La segunda entrada que pedimos fue un plato vegetariano Aalu Mattar ($80), que consistía en una mezcla de chícharos con papas guisadas en salsa de curry rojo. Buena cocción y un excelente sabor, las verduras se deshacían en la boca y equilibraban lo fuerte de la salsa.
Todo lo compartimos, hasta los platos fuertes que eran el Beef Tikka ($140) famoso, que según la carta era un filete mignon en tandoor en tikka masala, lo que sea que eso signifique. No era muy bueno, muy cocido y duro de textura, aunque la salsa sí estaba buena.
Y también pedimos un chiken Julfrezi ($115) anunciado como pollo deshuesado en salsa curry y jengibre, pero que en realidad eran trozos de pollo. Tenía muy buen sabor, predominando el gusto del jengibre y ‘lemon grass’; picante pero fresco a la vez.
Para acompañar pedimos un Vegetable Pulaoo ($80), arroz con verduras que no era nada especial y tenía como tres verduras aparte de que era híper especiado con comino y clavo (que no es crítica porque así es el plato).
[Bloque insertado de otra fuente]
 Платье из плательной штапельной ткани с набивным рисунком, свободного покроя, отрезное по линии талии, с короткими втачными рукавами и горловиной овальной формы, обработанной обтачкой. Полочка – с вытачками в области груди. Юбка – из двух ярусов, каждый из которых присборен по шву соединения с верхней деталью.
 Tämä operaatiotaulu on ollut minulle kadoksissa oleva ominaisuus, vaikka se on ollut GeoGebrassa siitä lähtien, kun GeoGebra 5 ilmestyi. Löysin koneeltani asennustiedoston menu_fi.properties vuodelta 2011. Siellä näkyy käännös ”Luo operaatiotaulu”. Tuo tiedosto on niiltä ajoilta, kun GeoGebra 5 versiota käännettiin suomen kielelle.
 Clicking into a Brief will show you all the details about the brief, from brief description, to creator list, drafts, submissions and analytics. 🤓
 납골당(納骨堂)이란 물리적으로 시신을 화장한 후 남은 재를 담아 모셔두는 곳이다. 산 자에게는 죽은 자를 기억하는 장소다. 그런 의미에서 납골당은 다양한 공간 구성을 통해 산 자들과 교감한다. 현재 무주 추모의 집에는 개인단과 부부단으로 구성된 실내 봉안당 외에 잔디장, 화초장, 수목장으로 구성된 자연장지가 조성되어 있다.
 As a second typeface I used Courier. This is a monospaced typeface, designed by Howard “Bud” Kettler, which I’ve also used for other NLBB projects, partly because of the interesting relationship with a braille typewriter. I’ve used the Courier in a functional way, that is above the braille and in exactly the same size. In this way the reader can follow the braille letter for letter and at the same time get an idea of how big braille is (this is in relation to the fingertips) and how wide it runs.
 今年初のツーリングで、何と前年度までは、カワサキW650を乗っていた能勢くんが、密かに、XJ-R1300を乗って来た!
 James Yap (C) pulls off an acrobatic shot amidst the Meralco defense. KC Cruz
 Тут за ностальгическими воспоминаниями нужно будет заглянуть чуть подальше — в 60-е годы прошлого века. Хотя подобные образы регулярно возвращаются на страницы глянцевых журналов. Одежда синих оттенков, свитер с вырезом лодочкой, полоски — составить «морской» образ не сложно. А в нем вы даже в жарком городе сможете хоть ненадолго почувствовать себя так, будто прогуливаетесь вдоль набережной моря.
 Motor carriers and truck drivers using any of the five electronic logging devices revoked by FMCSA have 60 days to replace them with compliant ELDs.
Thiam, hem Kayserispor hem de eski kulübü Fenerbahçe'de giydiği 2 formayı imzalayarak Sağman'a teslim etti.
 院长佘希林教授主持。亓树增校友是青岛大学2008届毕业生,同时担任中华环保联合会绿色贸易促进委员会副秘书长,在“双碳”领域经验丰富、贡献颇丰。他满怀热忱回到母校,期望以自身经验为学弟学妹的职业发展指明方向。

Ya que la carta de vinos era muy limitada, aunque a muy buen precio, decidimos maridar con un vino tinto Aliwen reserva ($315), un coupage entre Cabernet y Carmenere, chileno, de las bodegas Undurraga.
Sin importar que lo que ya habíamos cenado ya era muy pesado, decidimos pedir un postre y algo que nos ayudara a la digestión. Así, escogimos un Mango Lassi ($32), que es una bebida de yogurt natural con mango simplemente deliciosa, y además un pastel de dátil con nueces ($33) que no se veía muy apetitoso, pero sí estaba bueno.
La experiencia fue muy interesante pero no fue ni con mucho la más gratificante, por la falta de atención y de disposición para aclarar las dudas, que habría sido muy útil en un restaurante que implica otro idioma y costumbres.
Lo que sí es que la calidad de las preparaciones era buena y eso se reflejaba en que la mayoría de los asistentes eran extranjeros que conocen bien este tipo de cocina. Sin embargo, la falta de apertura a la concurrencia nacional hace que esté tan vacío. Y fijándonos un poco en la mesa de los hindúes de al lado, nos dimos cuenta de la enorme falta de asesoría que tuvimos al pedir los platos, porque todo lo que pidieron ellos se veía mucho más sabroso que lo nuestro.
Aunque somos conscientes de que era un local entre cafetería y restaurante, si nos decepcionó la decoración que esperábamos que nos transportara a lugares más lejanos y no a un bazar “X” de la Avenida Insurgentes, con manteles que parecían la falda de la abuelita, muebles pesados, y una arquitectura cuadrada de la que no se buscó sacar provecho alguno, sino simplemente rellenarlo.
Con todo, si les gusta la comida Hindú, vale la pena ir. Y si no conocen mucho lleven un diccionario hindi–español. Es mejor ir a comer que a cenar, porque en el último caso no van a dormir muy fácilmente, ya que es comida muy pesada y condimentada.